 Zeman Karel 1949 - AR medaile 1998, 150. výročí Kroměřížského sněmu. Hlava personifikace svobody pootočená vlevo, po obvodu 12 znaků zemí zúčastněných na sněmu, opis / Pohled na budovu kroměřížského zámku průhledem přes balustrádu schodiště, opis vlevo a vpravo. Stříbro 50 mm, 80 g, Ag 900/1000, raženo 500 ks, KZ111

---

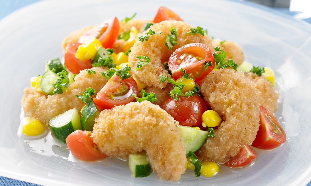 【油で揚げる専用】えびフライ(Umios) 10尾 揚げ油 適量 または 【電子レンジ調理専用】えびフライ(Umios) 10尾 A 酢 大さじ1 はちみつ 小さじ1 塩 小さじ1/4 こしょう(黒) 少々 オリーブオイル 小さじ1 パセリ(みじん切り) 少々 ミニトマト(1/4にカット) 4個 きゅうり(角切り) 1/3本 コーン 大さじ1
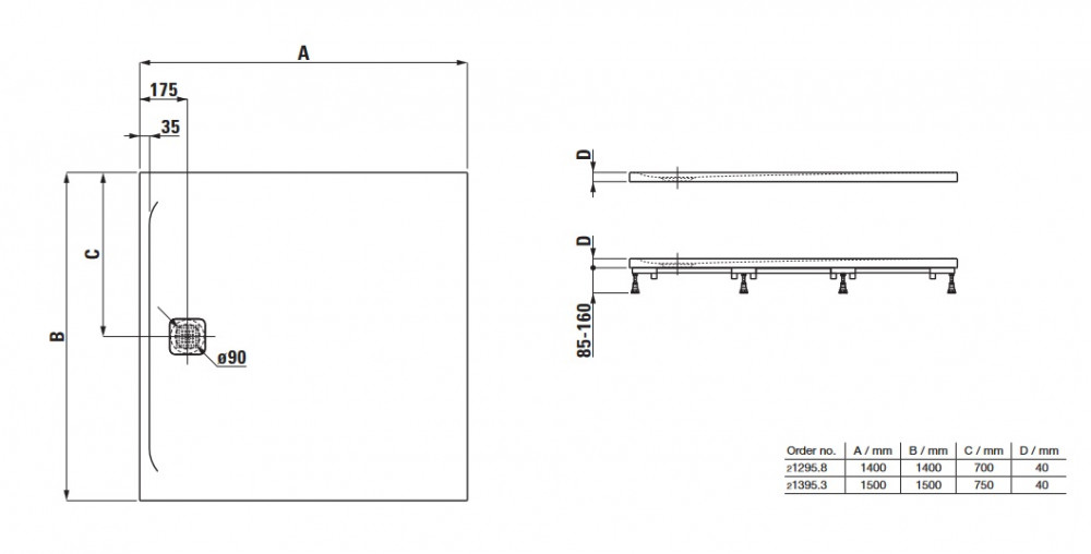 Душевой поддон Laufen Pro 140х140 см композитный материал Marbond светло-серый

# Work item
Using the listing above, repeat word for word each line from the one with "1/3本 コーン 大さじ1" down to the one with "Душевой поддон Laufen", both included. Omit all pictures.

# Worked solution
 【油で揚げる専用】えびフライ(Umios) 10尾 揚げ油 適量 または 【電子レンジ調理専用】えびフライ(Umios) 10尾 A 酢 大さじ1 はちみつ 小さじ1 塩 小さじ1/4 こしょう(黒) 少々 オリーブオイル 小さじ1 パセリ(みじん切り) 少々 ミニトマト(1/4にカット) 4個 きゅうり(角切り) 1/3本 コーン 大さじ1
 Душевой поддон Laufen Pro 140х140 см композитный материал Marbond светло-серый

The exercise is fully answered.